Thoughts on Pipeline Design with Concourse

2017/01/07

Goulash Pipeline

I recently made a CI/CD pipeline in Concourse for deploying Goulash. The pipeline definition can be found here.

Figuring out how to split up the work your pipeline needs to do in jobs and tasks in Concourse is not always obvious. The way you define jobs and tasks will determine how repeatable steps in your pipeline are, how fast jobs run, and how easily you can debug tasks.

In this post I will describe how I came to the job and task definitions in the pipeline for Goulash.

First, what does the pipeline do?

On every push of code to the master branch, the pipeline automatically:

When manually triggered, the pipeline:

Attributes which were important to me in developing this pipeline:

Additionally, from a pipeline maintenance standpoint:

Below, I’ll expand a bit on some of these.

Defining jobs

For this pipeline I diverged from how I’ve done things in the past with respect to running unit tests and building release artifacts.

In the past I would have made a job for running unit tests which does just that, with the thinking that the job should be focussed on doing one thing only. It shouldn’t also build the binary, upload it somewhere, etc.

With this pipeline I built the jobs thinking more holistically about what each job represents.

There is a job, create-rc, which creates a release candidate. What does it mean to create a release candidate? It means:

  1. run the tests
  2. create a binary
  3. create a tarball with the binary in it
  4. put the tarball somewhere

This approach makes the pipeline more understandable from a higher level, as the tasks which are required to create a release candidate are contained within a single job.

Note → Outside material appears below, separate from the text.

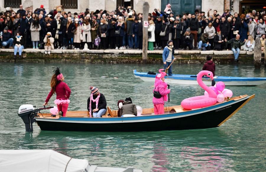 People attend a water parade of the Venice Carnival in Venice, Italy, on Feb. 5, 2023. (Xinhua/Jin Mamengni)

It also allows me to easily share exact bits between tasks. Sharing bits between jobs means putting them in a resource, which I feel is a bit heavy-handed. I don’t want to have to create additional resources purely to share bits between jobs.

Sharing bits between tasks

Concourse runs each task in a container. One job may have many tasks. Each task may define outputs which downstream tasks in the same job may use.

My tasks that run unit tests and build the binary are independent, but share the same bits. To ensure the same bits are used, I defined three tasks:

  1. install-dependencies
  2. unit
  3. build

The install-dependencies task defines an output, goulash-with-dependencies, that both unit and build get as copy-on-write volumes. This ensures they operate on the same bits, and cannot change the bits in such a way as to affect the other task.

Making it fast

The reason unit and build are split into two tasks is for two reasons:

  1. Running unit tests is not dependent on building the binary, nor is building the binary dependent on running unit tests
  2. They can be run in aggregate, which makes the job faster

Whenever I define a job I look at what tasks can be run in aggregate to make the job faster. Generally, the initial get steps in a job can be run concurrently; they just set up resources for downstream tasks. There may be other tasks, like unit and build above, that also make sense to run concurrently.

Making tasks generic where possible

Wherever possible, I make generic tasks so I can re-use them.

My pipeline has a task, unpack-release, which is shared by both deploy-staging and deploy-production. The task is simple: it takes a release tarball (which is specific to this pipeline) as an input and gives the unpacked result as an output named unpacked-release.

In Concourse, when you get a resource, the name of the resource is what is used as the directory the resource’s volume is mounted to in the task container. The following get will result in a volume mounted as goulash-rc in downstream task containers:

    - get: goulash-rc
      ...

You can override this by using the resource attribute on the get step. When you do this, the value passed to get: is what is used as the directory to mount the resource specified by resource:.

    - get: release
      resource: goulash-rc
      ...

The generic task wants an input called “release”; it doesn’t need to know that the release is actually “goulash-rc”.

A later task in the same job knows about the outputs from unpack-release, and uses that path:

  - put: goulash-staging
    params:
      manifest: goulash/manifests/staging.yml
      path: unpacked-release
      ...

N.B. You can also use input_mapping to achieve a similar result. input_mapping differs in that in renames the resources for only a specific task rather than for all downstream tasks.

Additionally, to avoid duplicating the definition of the generic task in the pipeline YAML, the definition has been split into its own file by using the file attribute on the task step.

Running tasks on the fly

To execute a task on the fly, you need to separate its definition from the declaration in the pipeline YAML.

You do this by specifying the file attribute in the task declaration in the pipeline that points to a task YAML.